Tōdai-ji (東大寺, Eastern Great Temple)[1] is a Buddhist temple complex that was once one of the powerful Seven Great Temples, located in the city of Nara, Japan. Its Great Buddha Hall (大仏殿, Daibutsuden) houses the world's largest bronze statue of the Buddha[2]Vairocana,[3] known in Japanese as Daibutsu (大仏). The temple also serves as the Japanese headquarters of the Kegon school of Buddhism. The temple is a listed UNESCO World Heritage Site as one of the "Historic Monuments of Ancient Nara", together with seven other sites including temples, shrines and places in the city of Nara. Deer, regarded as messengers of the gods in the Shinto religion, roam the grounds freely.

History

Roots

Map of the Tōdai-ji complex with a number of buildings that do not exist anymore, such as the two pagodas, and the library, lecture hall, refectory, and monks' quarters behind the main hall
Record of temple lands in Echizen Province in 757 (ICP); as head of the national network of Provincial Temples, Tōdai-ji's privileges included a large network of tax-exempt estates[4][5]

The beginning of building a temple where the Tōdai-ji complex sits today can be dated to 728, when Emperor Shōmu established Kinshōsen-ji (金鐘山寺) as an appeasement for Prince Motoi (ja:基王), his first son with his Fujiwara clan consort Kōmyōshi. Prince Motoi died a year after his birth.

During the Tenpyō era, Japan suffered from a series of disasters and epidemics. It was after experiencing these problems that Emperor Shōmu issued an edict in 741 to promote the construction of provincial temples throughout the nation. Tōdai-ji (still Kinshōsen-ji at the time) was appointed as the Provincial temple of Yamato Province and the head of all the provincial temples. With the alleged coup d'état by Nagaya in 729, an outbreak of smallpox around 735–737, worsened by consecutive years of poor crops, then followed by a rebellion led by Fujiwara no Hirotsugu in 740, the country was in a chaotic position. Emperor Shōmu had been forced to move the capital four times, indicating the level of instability during this period.[6]

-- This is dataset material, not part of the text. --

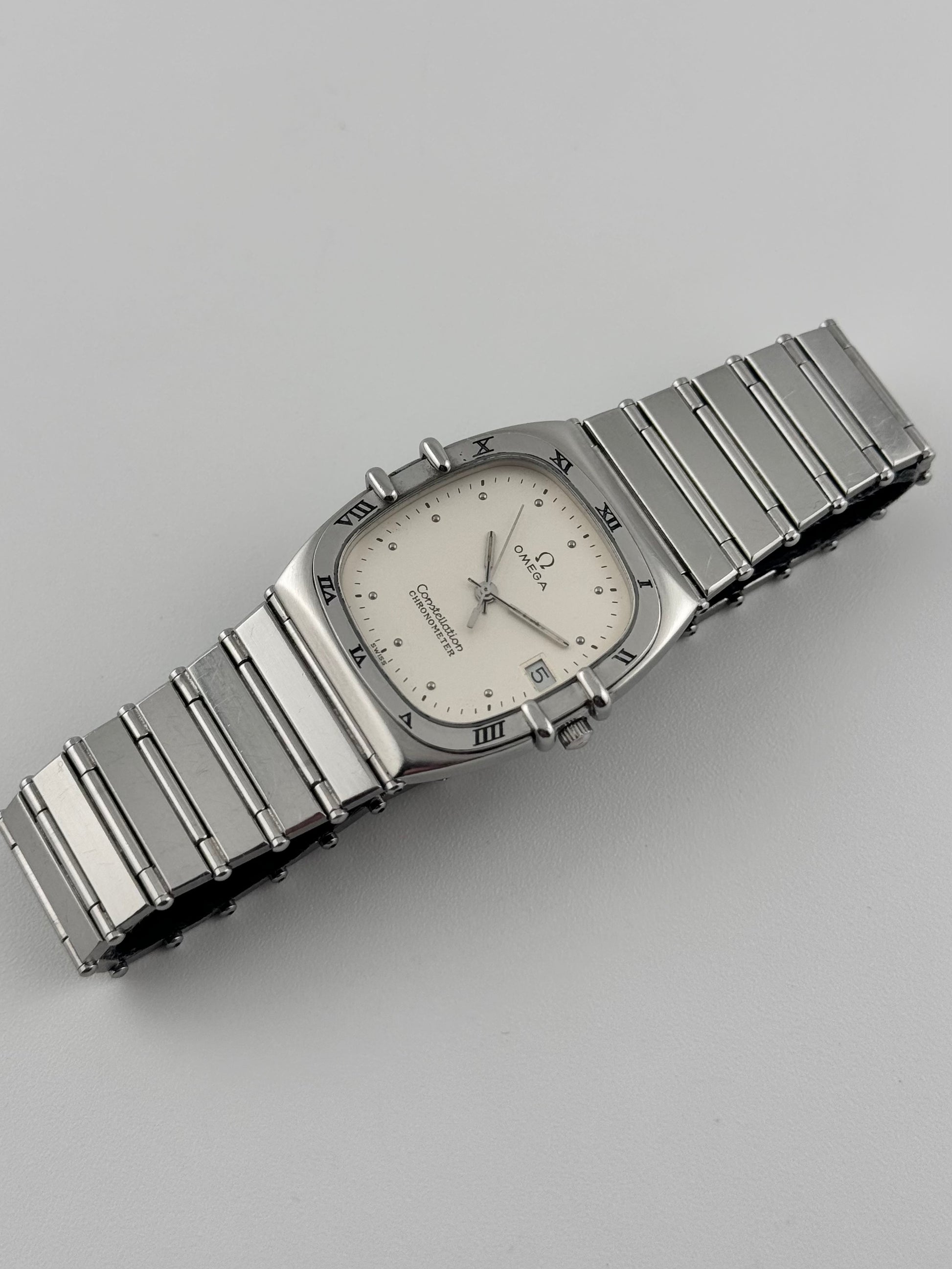 We have for sale a lovely unisex Omega Constellation Quartz which features a beautiful off white dial with a date complication. The watch is in great condition both cosmetically and mechanically. It is keeping perfect time.
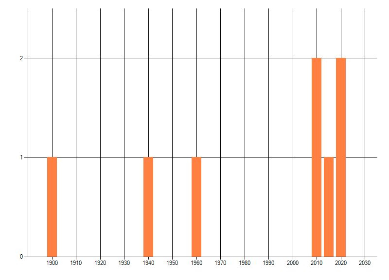 Het aantal atlasblokken (5x5 km) waarin de soort is gemeld binnen een periode van vijf jaar (vanaf 1980) of twintig jaar. Niet gecorrigeerd voor waarnemersinspanning en het aantal doorgegeven waarnemingen kan sterk variëren per periode, dus een trend in verspreiding kan hier niet direct uit worden afgelezen. Het opgegeven jaartal is het eerste jaar van de periode. Bron: gevalideerde waarnemingen uit de NDFF.

Role in early Japanese Buddhism

The original main hall was much larger than its successor structure

According to legend, the monk Gyoki went to Ise Grand Shrine to reconcile Shinto with Buddhism, spending seven days and nights reciting sutras until the oracle declared Vairocana Buddha compatible with worship of the sun goddess Amaterasu.[7]

Under the Ritsuryō system of government in the Nara Period, Buddhism was heavily regulated by the state through the Sōgō (僧綱, Office of Priestly Affairs). During this time, Tōdai-ji served as the central administrative temple for the provincial temples[8] for the six Buddhist schools in Japan at the time: the Hossō, Kegon, Jōjitsu, Sanron, Ritsu and Kusha. Letters dating from this time also show that all six Buddhist schools had offices at Tōdai-ji, complete with administrators, shrines and their own library.[8]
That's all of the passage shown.